The Court found the facts of the case distinguishable from those of other cases were federal courts have explored the habitual residence of children under the Hague Convention. Because this family was a family of considerable means, many of the factors that federal courts consider in determining habitual residence (both those under shared intent and acclimatization) were unhelpful in the analysis of habitual residence in this case. It was clear from the facts presented that the parties' children had full and active lives in the United States and in Venezuela. The parties had very nice homes in both countries, and the facts show that the children spent considerable time in both places throughout their lives.

The following facts supported the mother's argument that as of September 12, 2011, the parties' children were habitually resident in Venezuela: the mother, the sole provider of the family since 2006, was employed as an attorney in Venezuela and is only licensed to practice in Venezuela; between September 2008 and September 2011, the children completed the majority of their homeschool activities while physically located in Venezuela; and * between September 2008 and September 2011, the children's time in the United States was during times traditionally considered holiday/vacation. The following facts supported the father's argument that as of September 12, 2011, the parties' children were habitually resident in the United States:
the children lived and attended school in South Carolina from 2006 to September  2008; the children participated in a South Carolina homeschool curriculum; the father was prohibited from remaining in Venezuela for more than 90 consecutive days; since 2008, the children always entered Venezuela as tourists using their United States passports; and the children's primary pediatrician and dentist were located in South Carolina, and the children's only eye doctor and orthodontist were located in South Carolina.

In balancing all of the facts, this court resolved the issue of habitual residence in favor of the father and found that since approximately 2006, the children's habitual residence had been the United States.
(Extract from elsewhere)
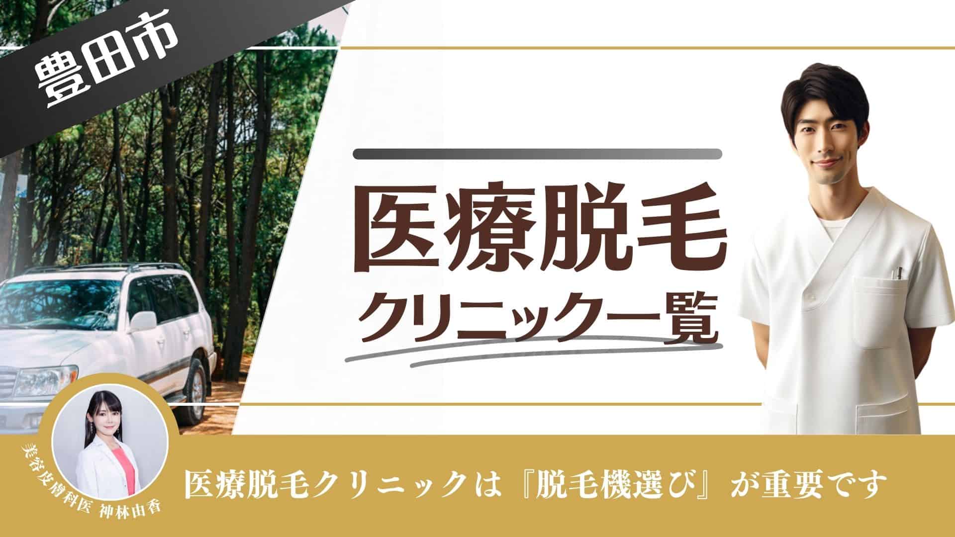 豊田市で永久脱毛できるおすすめ評判のメンズ医療脱毛(レーザー脱毛)クリニックや美容皮膚科、使用されている脱毛機情報をご紹介します。全身脱毛、VIO、ヒゲ、足の部位毎に安いクリニックや都度払い、キャンペーンを比較できます。

Importantly, although the children stayed in Venezuela for an appreciable period of time from September 2008 to September 2011, they continued to travel in and out of Venezuela as tourists using their American passports. Also, their father, who administered their homeschool lessons, entered Venezuela as a tourist and was prohibited from staying in Venezuela for more than 90 days at a time. As such, neither the father nor the children were ever present in Venezuela for 90 consecutive days or more during the three-year period from September 2008 to September 2011. It may have been the mother's intent for her family to move to Venezuela in September 2008; however, the father did not share her intent, and the children's pattern of travel and their activities from September 2008 to September 2011 were not sufficient to establish Venezuela as their new habitual residence. Thus, from September 2008 to September 2011 the habitual residence of the children remained the United States.

Accordingly, the court found that Petitioner had not proven a prima facie case of wrongful retention and denied the petition.